Required work:
Output exactly, in the material below, the lines from the one with "הדמות של ספלינטר" through the one with "Каждый двор в". Omit all pictures.
------ Data provided ------
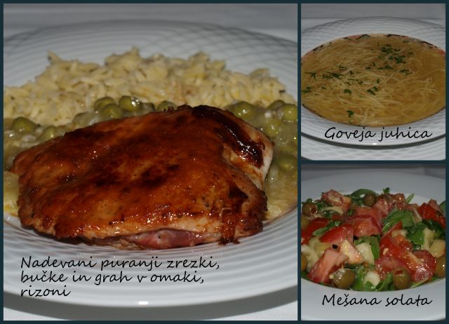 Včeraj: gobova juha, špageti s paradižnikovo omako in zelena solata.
------
------ Data provided ------
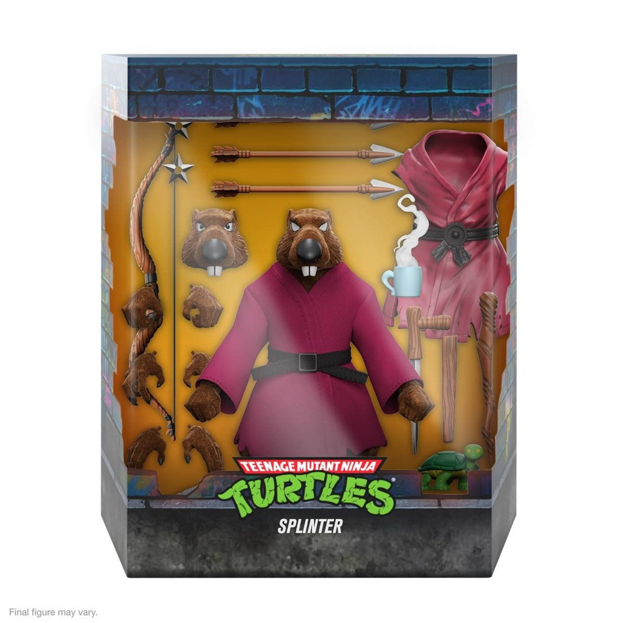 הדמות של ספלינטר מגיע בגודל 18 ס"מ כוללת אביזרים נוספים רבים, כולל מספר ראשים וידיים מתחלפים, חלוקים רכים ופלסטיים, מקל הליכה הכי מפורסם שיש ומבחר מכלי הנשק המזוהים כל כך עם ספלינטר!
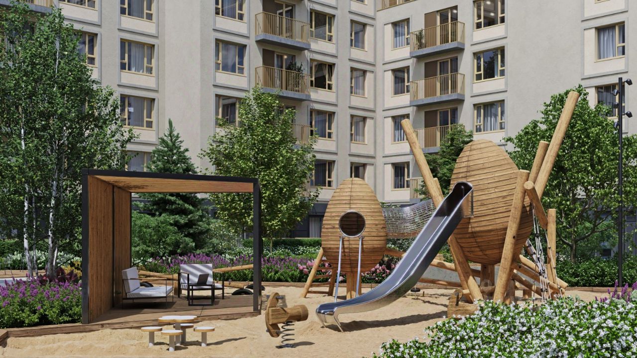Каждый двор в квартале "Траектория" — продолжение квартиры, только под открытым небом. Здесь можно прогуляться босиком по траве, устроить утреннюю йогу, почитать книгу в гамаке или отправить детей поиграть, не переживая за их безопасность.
------
------ Data provided ------
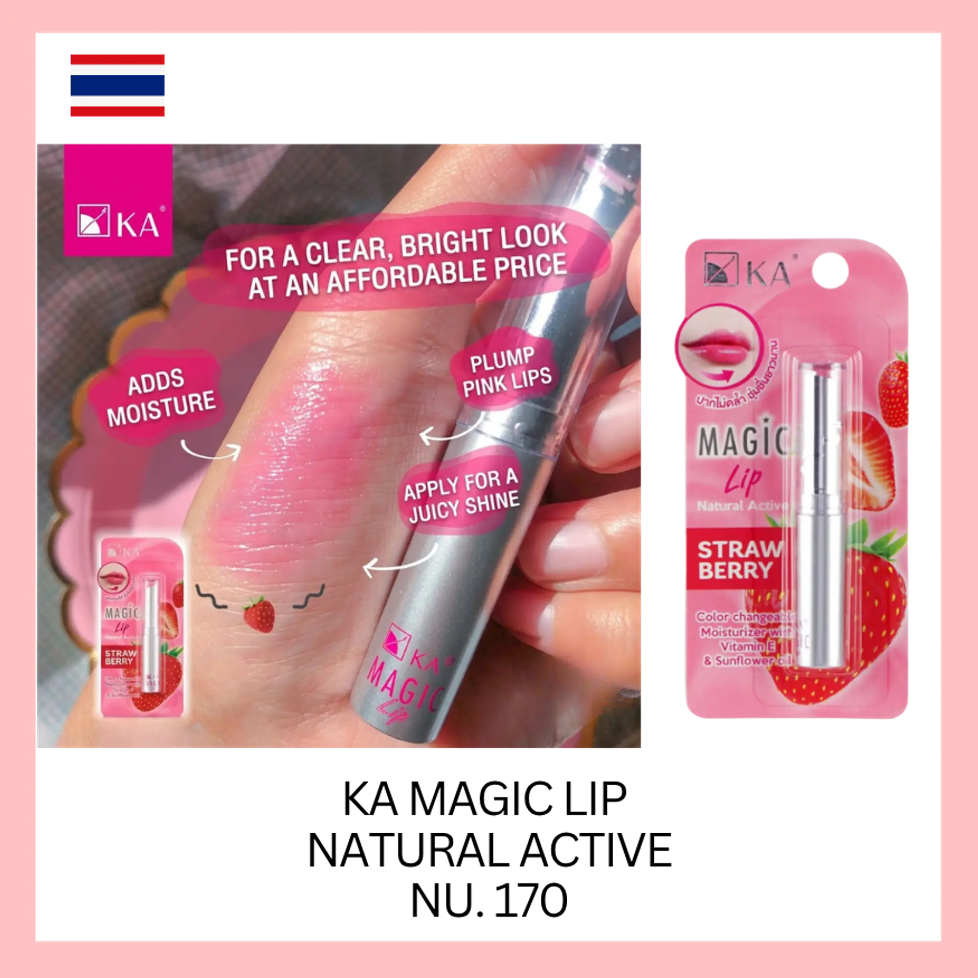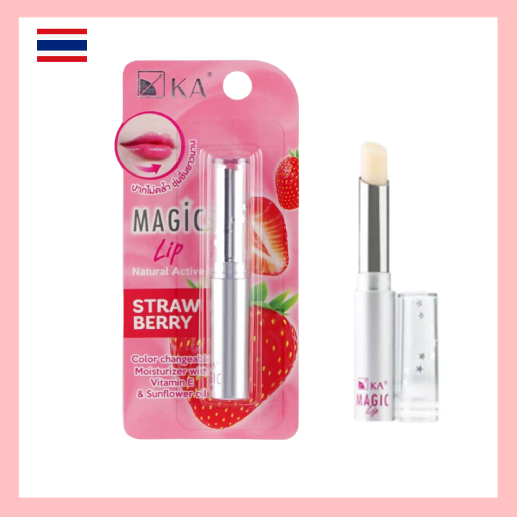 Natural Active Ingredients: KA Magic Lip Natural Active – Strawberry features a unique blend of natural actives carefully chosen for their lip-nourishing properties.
------
Response box:
 הדמות של ספלינטר מגיע בגודל 18 ס"מ כוללת אביזרים נוספים רבים, כולל מספר ראשים וידיים מתחלפים, חלוקים רכים ופלסטיים, מקל הליכה הכי מפורסם שיש ומבחר מכלי הנשק המזוהים כל כך עם ספלינטר!
Каждый двор в квартале "Траектория" — продолжение квартиры, только под открытым небом. Здесь можно прогуляться босиком по траве, устроить утреннюю йогу, почитать книгу в гамаке или отправить детей поиграть, не переживая за их безопасность.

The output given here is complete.